*** Opening of Extracted entries ***
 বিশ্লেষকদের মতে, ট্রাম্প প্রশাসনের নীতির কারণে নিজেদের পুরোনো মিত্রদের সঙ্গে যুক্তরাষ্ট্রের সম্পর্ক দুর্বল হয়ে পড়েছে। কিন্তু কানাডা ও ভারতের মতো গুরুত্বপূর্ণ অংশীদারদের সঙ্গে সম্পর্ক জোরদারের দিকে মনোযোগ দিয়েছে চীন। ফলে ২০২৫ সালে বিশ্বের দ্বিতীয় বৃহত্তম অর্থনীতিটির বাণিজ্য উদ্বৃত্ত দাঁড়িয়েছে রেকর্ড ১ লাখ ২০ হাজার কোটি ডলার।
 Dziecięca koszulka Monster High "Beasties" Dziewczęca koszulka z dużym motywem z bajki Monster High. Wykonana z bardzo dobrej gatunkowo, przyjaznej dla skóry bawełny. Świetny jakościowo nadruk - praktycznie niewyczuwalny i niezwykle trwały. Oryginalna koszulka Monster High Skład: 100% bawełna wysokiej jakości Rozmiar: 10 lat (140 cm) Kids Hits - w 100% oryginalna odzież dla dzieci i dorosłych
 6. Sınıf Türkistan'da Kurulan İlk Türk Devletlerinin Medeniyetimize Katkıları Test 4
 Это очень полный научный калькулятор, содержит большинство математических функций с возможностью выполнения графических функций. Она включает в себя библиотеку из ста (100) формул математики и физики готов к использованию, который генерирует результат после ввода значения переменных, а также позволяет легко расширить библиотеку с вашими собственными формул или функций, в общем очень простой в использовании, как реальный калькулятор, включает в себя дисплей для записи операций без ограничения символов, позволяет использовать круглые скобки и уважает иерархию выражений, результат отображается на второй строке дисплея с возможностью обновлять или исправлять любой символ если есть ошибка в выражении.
*** Close of Extracted entries ***
*** Opening of Extracted entries ***
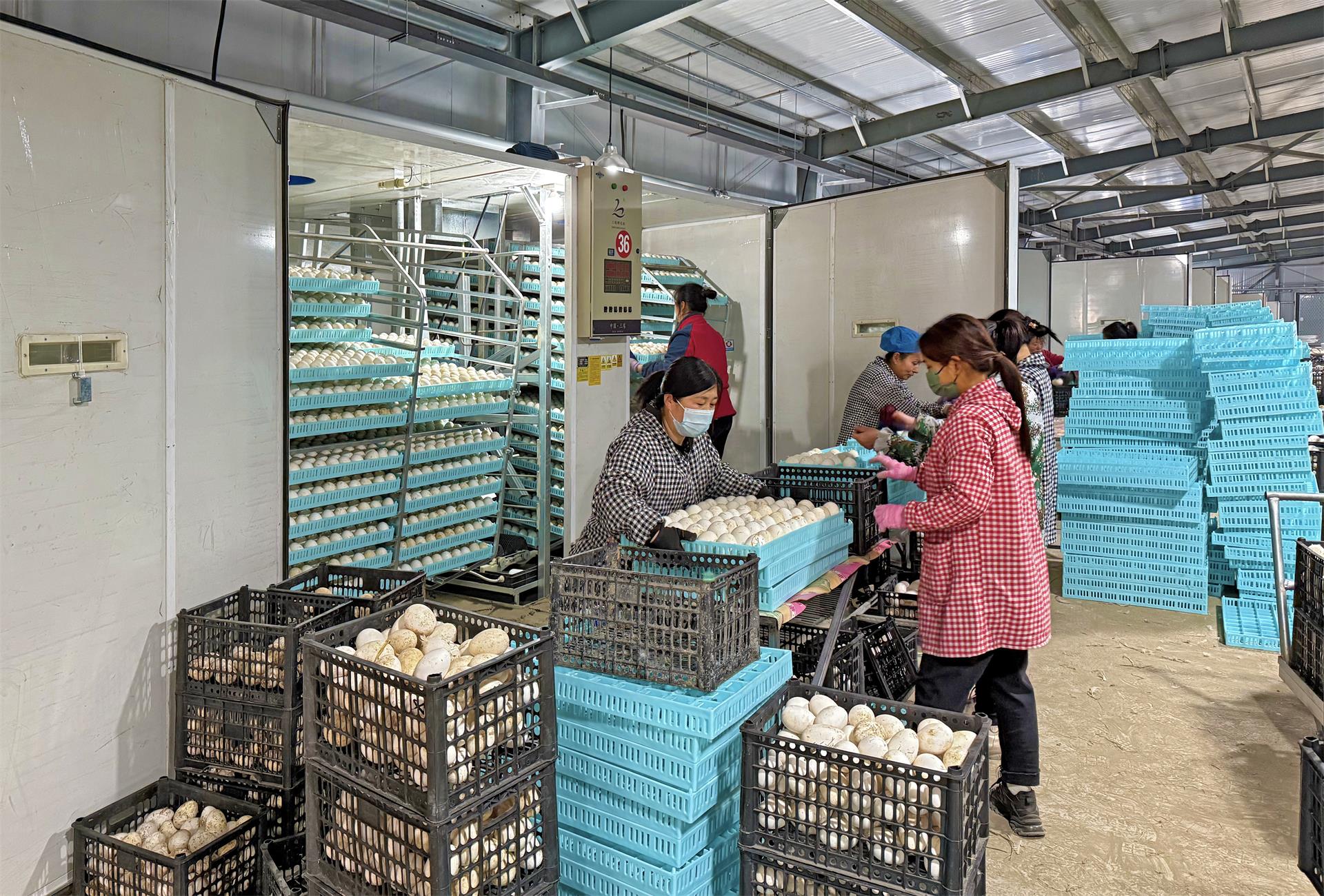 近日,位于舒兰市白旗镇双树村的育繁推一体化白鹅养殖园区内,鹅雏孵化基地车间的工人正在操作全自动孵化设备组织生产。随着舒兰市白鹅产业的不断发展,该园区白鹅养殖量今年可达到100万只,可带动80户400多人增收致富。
*** Close of Extracted entries ***
*** Opening of Extracted entries ***
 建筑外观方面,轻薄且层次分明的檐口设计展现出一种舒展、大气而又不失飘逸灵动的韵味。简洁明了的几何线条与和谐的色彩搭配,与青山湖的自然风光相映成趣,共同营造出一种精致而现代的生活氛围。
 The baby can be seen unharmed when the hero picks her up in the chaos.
*** Close of Extracted entries ***
Your objective ::
After locating the line with "建筑外观方面,轻薄且层次分明" above, return that line and every later line through the one with "The baby can", word for word and with nothing else.

Task result ::
 建筑外观方面,轻薄且层次分明的檐口设计展现出一种舒展、大气而又不失飘逸灵动的韵味。简洁明了的几何线条与和谐的色彩搭配,与青山湖的自然风光相映成趣,共同营造出一种精致而现代的生活氛围。
 The baby can be seen unharmed when the hero picks her up in the chaos.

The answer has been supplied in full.